The technologies used in helping to diagnose cancer include:

  • 3-D Mammography - also known as tomosynthesis, improves on digital mammography by offering an additional layer-by-layer view of the breast. Three-dimensional images can be generated within seconds and magnified and manipulated for optimum clarity. Images are then double checked using the Image checker® enhanced breast screening technology.
  • Ultrasound - During ultrasound or sonography, an ultrasound machine sends sound waves and produces an image of the tissues inside. These images can reveal more information about tissue in the breast, liver, uterus, and kidneys.
  • Stereotactic Biopsy - Stereotactic biopsy uses an X-ray image to guide a needle into an area of the breast. The tissue sample is removed through this needle and is sent to a laboratory to be examined under a microscope. A small amount of benign breast tissue may also be removed during the biopsy as an alternative to open biopsy in surgery. This can provide a quicker, less invasive alternative to surgery with a shorter, less painful recovery and a much smaller cut in the breast.
  • Computed Tomography (CT) Scan - CT scans use special X-rays to capture images of internal organs from several different angles. The images are sent to a computer, which generates cross-sections of body tissues and organs. Our rapid CT scanner is the latest CT equipment available, producing 32 images each second. This speed improves the clarity and quality of the final image, which allows for a more accurate diagnosis. CT scans can also be done very comfortably and quickly, often in as few as seven minutes. The final images show several types of tissue very clearly, including organs such as the liver, spleen, pancreas, kidneys, lungs, esophagus, and stomach. CT imaging can uncover cancers in many parts of the body.
  • Magnetic Resonance Imaging (MRI) - MRI is a preferred cancer screening test because they use magnetic waves instead of radiation to create detailed pictures of internal structures. MRIs produce higher quality images than most CT scanners but the tests are more expensive and take more time.
  • Interventional Radiology - Interventional radiology is a subspecialty of radiology that uses imaging to perform procedures like a CT-guided biopsy or an angiogram. Mediports can also be placed and removed by interventional radiologists.
  • Bronchoscopy - This is a direct examination of the airways in the lungs with a long, thin tube called a bronchoscope that has a tiny light and camera mounted on it. Bronchoscopy can find tumors, blood clots, structural problems, and infections.
  • Endobronchial Ultrasound (EBUS) - EBUS can detect large lymph nodes in the chest, making it ideal for diagnosing lung cancer and other lymph node disorders.
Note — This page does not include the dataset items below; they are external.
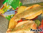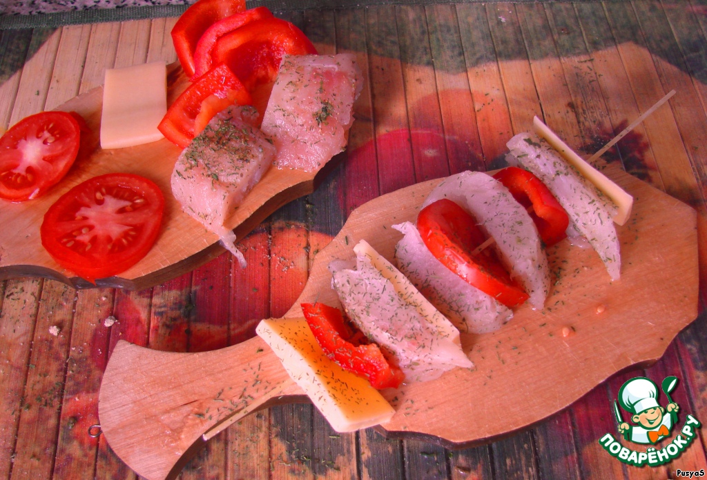 Кусочки рыбы чередуем с ломтиками сладкого перца, сыра и помидора. Нанизываем это все чудо на металлическую шпажку. Поливаем растительным маслом и запекаем в духовке 25 минут при температуре 180 град.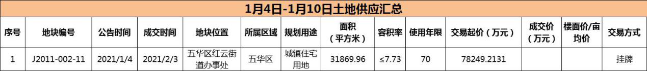 土地供应方面,与前一周相比,土地供应节奏持续放缓。上周本地仅五华区供应了1宗面积约47.8亩的居住用地,交易起价约7.8亿元,起始楼面价约3176元/㎡。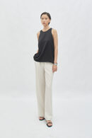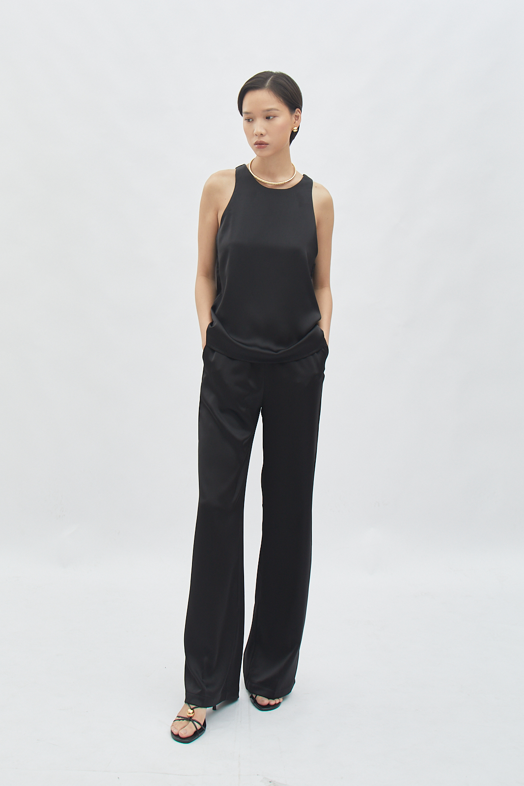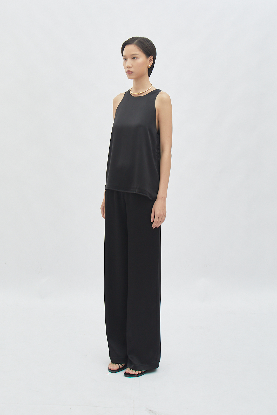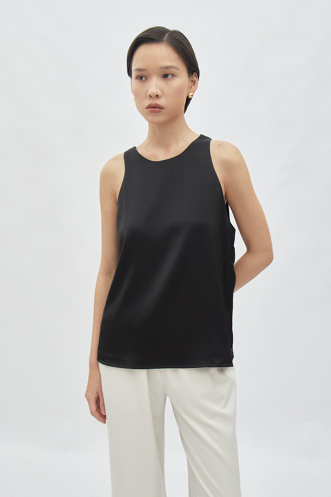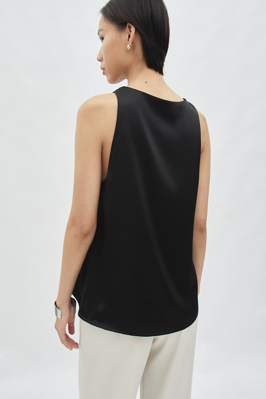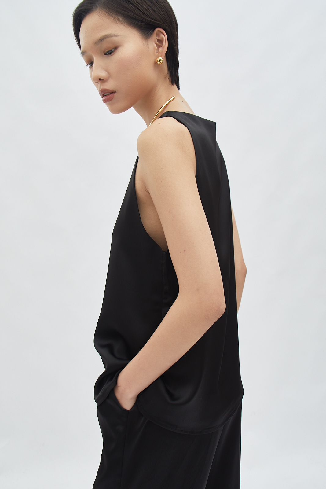Minimal tank crafted from dense sateen, structured yet fluid against the body. Clean neckline and cutaway shoulders offer a sharp, understated line—perfect worn alone or layered.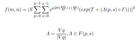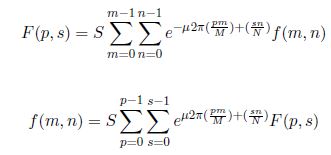 la exprsión (9) and (10) son la directa e inversa de la transformada de Fourier para quaternions respectivamente, µ un quaeernion puro unitario, p y s son los coeficientes; de frecuencias, m y n son las coordenadas espaciales de la imagen.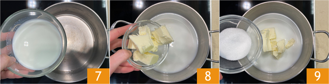 In the meantime, start with the choux pastry: pour the water and milk into a saucepan 7, then add the butter 8 and sugar 9.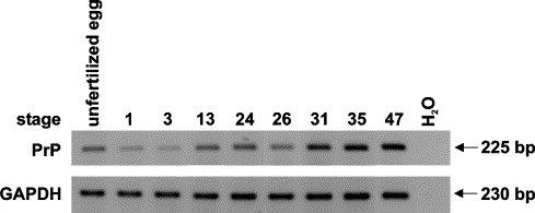 Temporal expression pattern of PrP during Xenopus development. Total RNA was extracted from embryos at the indicated developmental stages and used for RT-PCR analysis (staging according to Nieuwkoop and Faber (1967)). Glyceraldehyde-3-phosphate dehydrogenase (GAPDH) was used as a control for the amount of input RNA. The generated PCR products were 225- and 230-bp in size for PrP and GAPDH, respectively. Negative controls without reverse transcriptase (not shown) or without cDNA for each primer pair used (H2O) showed no contamination of genomic DNA for all developmental stages.
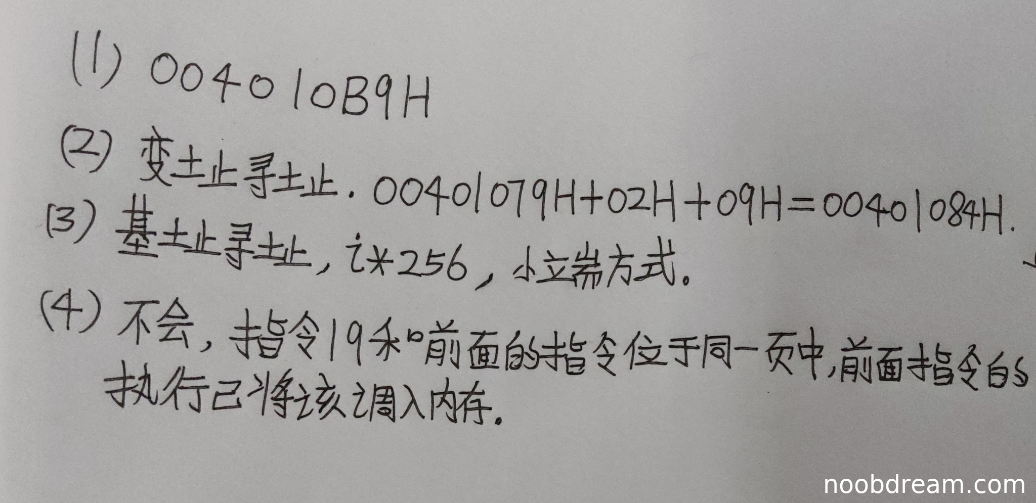 学生答案存在部分错误。第一问,标准答案为“立即寻址”,学生答为“基址寻址”,这是错误的。第二问,答案正确,ecx存放的是i×256。第三问,答案“小端方式”正确,但文字有误写(“小立端”或“小端”),根据规则,识别导致的误写不扣分。因此,第一问扣1分,第二问得1分,第三问得1分,本小题总计得2分。
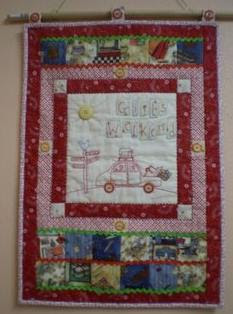 Check out the amazing items that Erika made for Beatrice! There is a beautiful wallhanging, which has so much stitching and detail! It looks fantastic.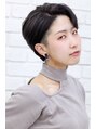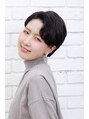 アップバングショートスタイル。ダークなラベンダーカラーを軽やかに表現。重くなりすぎない暗髪スタイル。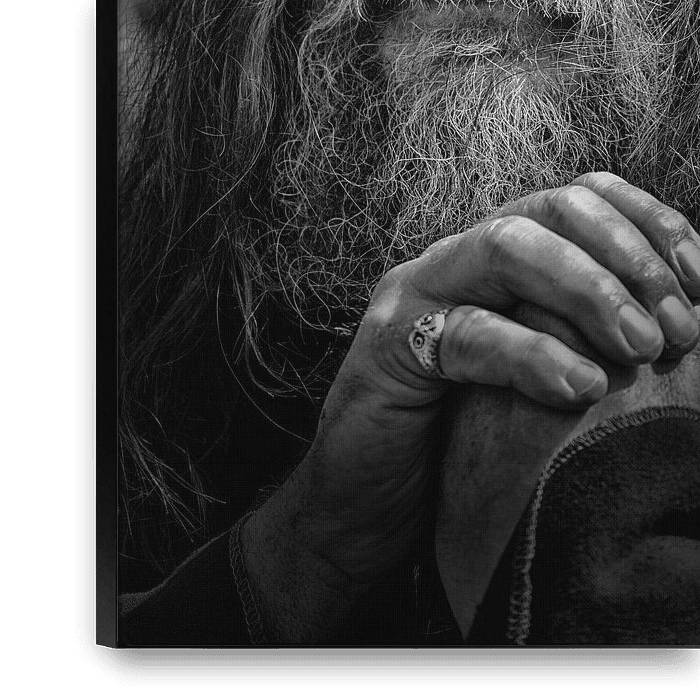 Dieses Schwarz-Weiß-Foto zeigt einen älteren Mann mit einem langen, wilden Bart und langem Haar. Er trägt eine Maske aus Moos und Naturmaterialien und eine Krone aus Blättern auf dem Kopf. Seine Hände sind gefaltet, als würde er beten oder in tiefer Kontemplation verharren. Die detaillierte Textur seines Gesichts, seines Bartes und…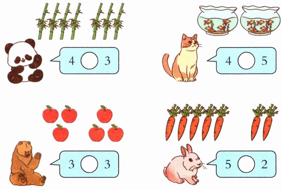 第三组:四个苹果和两个梨,$4>2$。

  • Colonoscopy - This procedure is a routine procedure for patients age 50. In this test, a long, flexible, tube-shaped camera is inserted into the colon. The camera sends video to a monitor where the physician can look for cancerous abnormalities.
  • Endoscopic Ultrasound -This technique uses an endoscope that is connected to an ultrasound machine. Because it can visualize all of the layers of muscle and tissue in the esophagus, it is the best technique to determine the extent (depth) of the tumor and if there has been any spread to the lymph nodes in the neck
  • PET Scan - A PET scan is a comprehensive scan that examines the whole body, providing information on the internal organs and structures. This scan can highlight cancerous tumors it discovers in the body.